Are Social Media Giants Doing Enough To Curb Scamming

Mobile phone with social media. Facebook, Instagram, Twitter, Snapchat.

When the likes of Mark Zuckerberg and Jack Dorsey started creating the social media platforms that have connected people across the globe, they couldn’t have predicted that those platforms would one day be used for sophisticated financial scams.

Unfortunately, though, this is the position that we’re now in: many fraudsters take to sites like Facebook and Twitter as an easy way of reaching huge numbers of potential victims. Now there are questions about whether the social media companies need to be doing more to stop scams.

Women using laptop

A recent investigation from Which? found that many scammers were allowed to continue operating even after their illegal activity had been reported. This was found across Facebook, Instagram and Twitter and, worryingly, related particularly to the buying and selling of personal data.

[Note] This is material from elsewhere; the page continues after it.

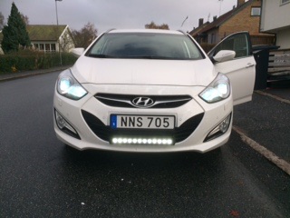 20 tums ramp från bilupplysning.se märke oledone för ca 3400kr. Bra ljus. Sågade och fällde in, sitter fast bakom regskylten. Tvungen att komplettera med en extra plåt som jag popnitade fast i extraljusplåten. Allt popnitades fast i plasten med splitnit och några strängar fästmassa.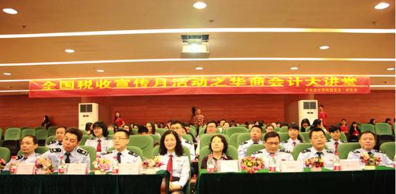 华商beat365中国官方网站与广州市国税局东区稽查局、增城区国税局、增城区地税局继2015年共建税收宣传教育基地、隆重举办首届税收知识大赛之后,4月12日下午,华商beat365中国官方网站再次联手广州市国税局东区稽查局、增城区国税局、增城区地税局,四方代表在学院图书馆报告厅隆重开展税收宣传月活动暨举办华商会计大讲堂。参加本次活动的领导有广州市国税局东区稽查局谭斌副局长、何希文副局长、聂国祥副调研员;增城区国税局王春平副局长、陈上公纪检组长;增城区地税局钟健民副局长、梁海鹰稽查局局长冯长风以及华商学院马玉珍副院长。此外,广州市国税局东区稽查局、增城区国税局、增城区地税局的相关工作人员及华商beat365中国官方网站师生代表也参加了本次活动。

The type of information being advertised for sale included bank and credit card details, hacked Netflix accounts and stolen identities. In one example that they shared, a person’s full profile including name, date of birth, address and banking information was being shared within a Facebook group. There are also accounts offering to sell fake passports.

Tighter regulation

It may seem as though the social media companies need to review their rules and ensure that this kind of activity is banned from the sites. In reality, though, high profile cases of social media fraud over the past few years mean that they have already tightened up their policies. This kind of activity is also highly illegal, and therefore certainly against the terms of use of any social media platform.

Business Colleagues Working On Laptop

The issue, then, is the enforcement of the rules: these scams are not being removed when they should be. Which? reported the scams that they found, but the accounts were not removed – in some cases, they were even informed that the fraudulent activity they’d detected was not in violation of any community standards. This is clearly not the case, and may be due to automated processes that don’t pick up on the nuances of this type of activity.

What’s next?

Which?’s money editor, Jenny Ross, commented that:

“It’s astonishing that social media sites make it so easy for criminals to trade people’s personal and financial information, particularly as fraud is such a prevalent crime that can have devastating consequences. Social media firms must take much stronger action to prevent their sites becoming a safe haven for scammers and should work with the financial industry and police to address serious flaws with their platforms.”

It seems clear that, although social media platforms have put steps in place to try and curb scam activity on their platforms, there’s a lot more work still to do. Fraudsters are forever evolving their methods to dodge whatever processes have been put in place to stop them, and this means that anti-fraud teams need to be on their toes.

We hope that this will be a wakeup call for any social media sites that were beginning to get complacent, showing just how much effort is needed if we’re going to stamp out this type of online scamming.